Performance Analysis of Ambient RF Energy Harvesting with Repulsive Point Process Modeling

TL;DR

This paper analyzes the performance of ambient RF energy harvesting for battery-free wireless sensors using stochastic geometry, specifically modeling ambient sources with a repulsive point process to capture realistic spatial distributions.

Contribution

It introduces a novel analysis using Ginibre alpha-DPP to model ambient RF sources, deriving energy harvesting metrics and outage bounds for different receiver architectures.

Findings

Stronger source repulsion improves sensor energy harvesting efficiency.

Derived closed-form expressions for energy harvesting rate and variance.

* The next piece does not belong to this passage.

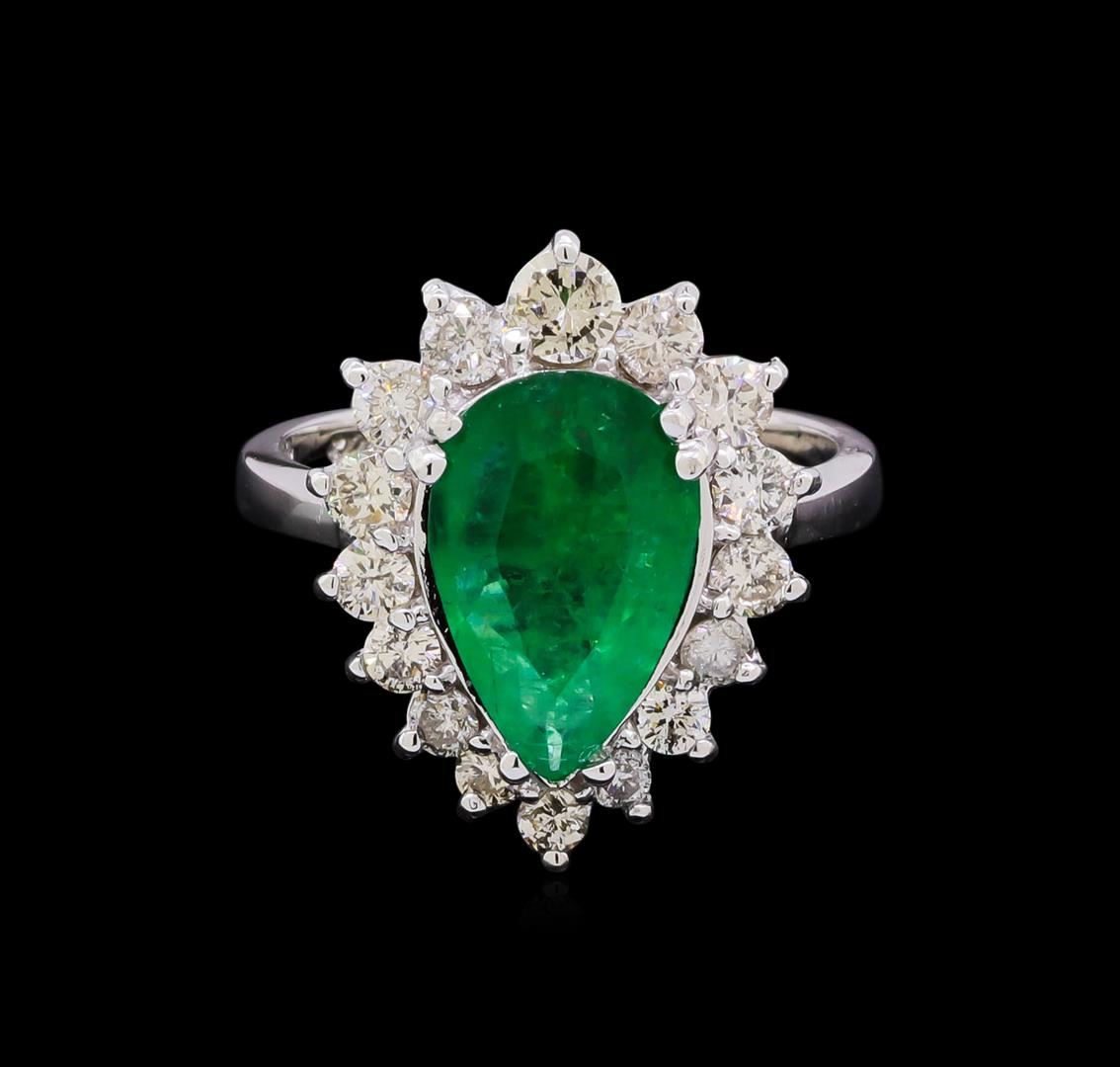 One electronically tested 14KT white gold ladies cast emerald and diamond ring with a bright polish finish. The featured emerald is set within a diamond bezel, completed by a two and one-half millimeter wide band. Identified with markings of "K14". Condition is new, good workmanship. Containing: One prong set pear mixed cut natural emerald, measuring 12.30 x 8.00 x 3.50mm, 8%. bulge factor, approximate weight of 2.02ct., clarity is heavily included, type III, medium, very slightly grayish, very slightly bluish green color, (GIA vslbG 5/3), cut is good. Transmitting light with a minimum of distortion, transparent to translucent. Naturally occurring internal & external characteristics are present. Indications of oil residue. Graded in the setting. Sixteen prong set round brilliant cut diamonds, measuring 3.40 - 2.20 x 1.68mm (depth est.) approximate. Total Weight of 16 Stones = 1.02ct. Graded in the setting. Clarity: SI-2 to I-1 . Color: G - I. Total Weight of Colored Stones 2.02ct. Total Weight of Diamonds 1.02ct. AIG Appraised at $5,025.00.

Provided guidelines for optimal time-switching parameters.

Abstract

Ambient RF (Radio Frequency) energy harvesting technique has recently been proposed as a potential solution to provide proactive energy replenishment for wireless devices. This paper aims to analyze the performance of a battery-free wireless sensor powered by ambient RF energy harvesting using a stochastic geometry approach. Specifically, we consider the point-to-point uplink transmission of a wireless sensor in a stochastic geometry network, where ambient RF sources, such as mobile transmit devices, access points and base stations, are distributed as a Ginibre alpha-determinantal point process (DPP). The DPP is able to capture repulsion among points, and hence, it is more general than the Poisson point process (PPP). We analyze two common receiver architectures: separated receiver and time-switching architectures. For each architecture, we consider the scenarios with and without co-channel interference for information transmission. We derive the expectation of the RF energy harvesting rate in closed form and also compute its variance. Moreover, we perform a worst-case study which derives the upper bound of both power and transmission outage probabilities. Additionally, we provide guidelines on the setting of optimal time-switching coefficient in the case of the time-switching architecture. Numerical results verify the correctness of the analysis and show various tradeoffs between parameter setting. Lastly, we prove that the sensor is more efficient when the distribution of the ambient sources exhibits stronger repulsion.